Note: the API filed suit against the EPA following its waiver decision. More here.
“The EPA decision was absolutely the right one. I have a background in economics and what they basically said -- after doing extensive economic analyses through the USDA – was that if the RFS was waived it would have an impact of less than 1 percent on the price of corn. I believe that projection is entirely correct.
“What drives the use of corn and ethanol today is both the price of corn and the value of gasoline. As long as those two variables are in the right relationship, they’ll produce ethanol. Now, that may not lead to the building of another ethanol plant – that’s a whole different decision. But if the plant is already there it will produce ethanol if variable costs, and a bit more, can be covered. They can do that with the current price relationship.
“Secondly, the much bigger issue at play here is: what would waiving the RFS do to the rest of the biofuels industry? By ‘rest of the industry’ I’m not talking so much talking about corn-based ethanol as I am about advanced biofuels, cellulosic ethanol. That whole sector is in roughly the same place that corn-based ethanol was in 15 or 20 years ago. It’s barely, marginally economically competitive. It will likely be competitive if there is some long-term market assurance. If there isn’t, however, you just aren’t going to bring investment dollars in.
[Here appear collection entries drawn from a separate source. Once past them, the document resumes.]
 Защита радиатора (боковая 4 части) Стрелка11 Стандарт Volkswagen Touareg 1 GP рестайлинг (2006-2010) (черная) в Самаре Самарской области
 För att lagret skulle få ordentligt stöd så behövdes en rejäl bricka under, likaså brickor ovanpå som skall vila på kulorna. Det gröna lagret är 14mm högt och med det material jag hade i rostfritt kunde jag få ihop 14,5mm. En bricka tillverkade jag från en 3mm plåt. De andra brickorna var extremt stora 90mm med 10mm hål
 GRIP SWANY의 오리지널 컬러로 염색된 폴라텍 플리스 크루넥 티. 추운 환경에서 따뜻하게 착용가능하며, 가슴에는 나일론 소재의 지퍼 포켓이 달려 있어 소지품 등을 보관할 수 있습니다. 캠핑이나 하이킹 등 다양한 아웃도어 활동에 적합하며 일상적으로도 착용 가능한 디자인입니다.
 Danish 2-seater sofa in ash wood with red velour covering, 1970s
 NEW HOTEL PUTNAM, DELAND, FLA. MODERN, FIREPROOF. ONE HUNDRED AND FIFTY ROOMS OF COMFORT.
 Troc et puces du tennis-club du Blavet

“The real promise of biofuels is when we can turn waste materials and woody biomass into useable biofuel products. Then, you have something really special and we’re on the verge of that happening. Waiving the RFS would send a message to that sector of the biofuels industry is, ‘You can’t depend on public policy to stay the same. There’s too much risk.’ With that, market opportunities would disappear, very possibly, overnight.
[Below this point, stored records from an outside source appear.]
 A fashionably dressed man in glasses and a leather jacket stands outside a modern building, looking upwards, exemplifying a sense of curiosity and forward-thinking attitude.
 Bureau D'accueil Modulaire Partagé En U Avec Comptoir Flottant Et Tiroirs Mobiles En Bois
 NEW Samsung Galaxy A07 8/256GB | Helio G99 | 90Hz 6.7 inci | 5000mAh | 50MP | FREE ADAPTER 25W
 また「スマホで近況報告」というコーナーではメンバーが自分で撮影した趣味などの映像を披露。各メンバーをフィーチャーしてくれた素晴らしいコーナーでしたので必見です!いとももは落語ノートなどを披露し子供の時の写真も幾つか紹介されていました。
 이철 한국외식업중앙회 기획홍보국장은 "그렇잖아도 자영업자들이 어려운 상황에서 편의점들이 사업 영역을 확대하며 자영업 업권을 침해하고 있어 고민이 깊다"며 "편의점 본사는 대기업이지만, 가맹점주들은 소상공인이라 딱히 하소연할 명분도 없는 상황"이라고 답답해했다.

“If you don’t get over the ‘valley of death’ – as they call it in regards to economic development – where you try new technologies or procedures that cost more than they will once all the bugs are worked out, the effort goes belly-up.”
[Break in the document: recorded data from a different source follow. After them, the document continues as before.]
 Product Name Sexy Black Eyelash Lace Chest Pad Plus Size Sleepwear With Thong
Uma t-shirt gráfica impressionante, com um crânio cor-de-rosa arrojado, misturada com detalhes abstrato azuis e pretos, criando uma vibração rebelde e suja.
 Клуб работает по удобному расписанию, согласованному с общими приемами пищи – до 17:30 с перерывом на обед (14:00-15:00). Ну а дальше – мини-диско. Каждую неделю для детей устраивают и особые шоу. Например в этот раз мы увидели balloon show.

So what would you do to help the livestock, poultry and dairy industries?
“This is a very real issue (for those sectors). The same economic dynamic I just talked about with ethanol is precisely the same as everyone in the livestock industry is faced with.
“(National Farmers Union) is a general farm organization and a bunch of livestock producers are members. By and large, the bulk of them are supportive of the RFS for a couple of reasons. One is there is a very developed food alternative with the DDGs (Dried Distillers Grains) that come out of ethanol. Another reason is national security, reducing our dependence on foreign energy and those kinds of things.
“More specifically, given the depth of the drought that we’re still in, there are some very dramatic losses in the livestock sector that have occurred. The unfortunate reality is that most of our public policies that are supportive in terms of safety net programs are designed for crop producers. Historically, much of the reason for that is livestock producers haven’t wanted to be part of that net.
“Nonetheless, we have a very good crop insurance program that will come very close to making most grain producers whole, even if they had a disastrous yield. They’ll get a crop insurance payment to make up the difference.
“But any livestock will now face a feed market significantly higher than it was before the drought set in. That’s why we’ve been so supportive of moving a farm bill through the lame duck session and including a disaster title. We’d include a provision to backfill for 2012 (when the last disaster program for livestock producers expired), specifically to deal with livestock losses but also to provide some assurance that there’ll be that sort of safety net if there’s another disaster in the next five years.
“Our members’ philosophy has always been that safety nets should be designed to help when times are difficult, not when times are good. When the market collapses, you need a safety net. When disaster strikes, you need a safety net. A permanent disaster title in the next farm bill is the only realistic way to provide some assistance to the livestock sector, right now.”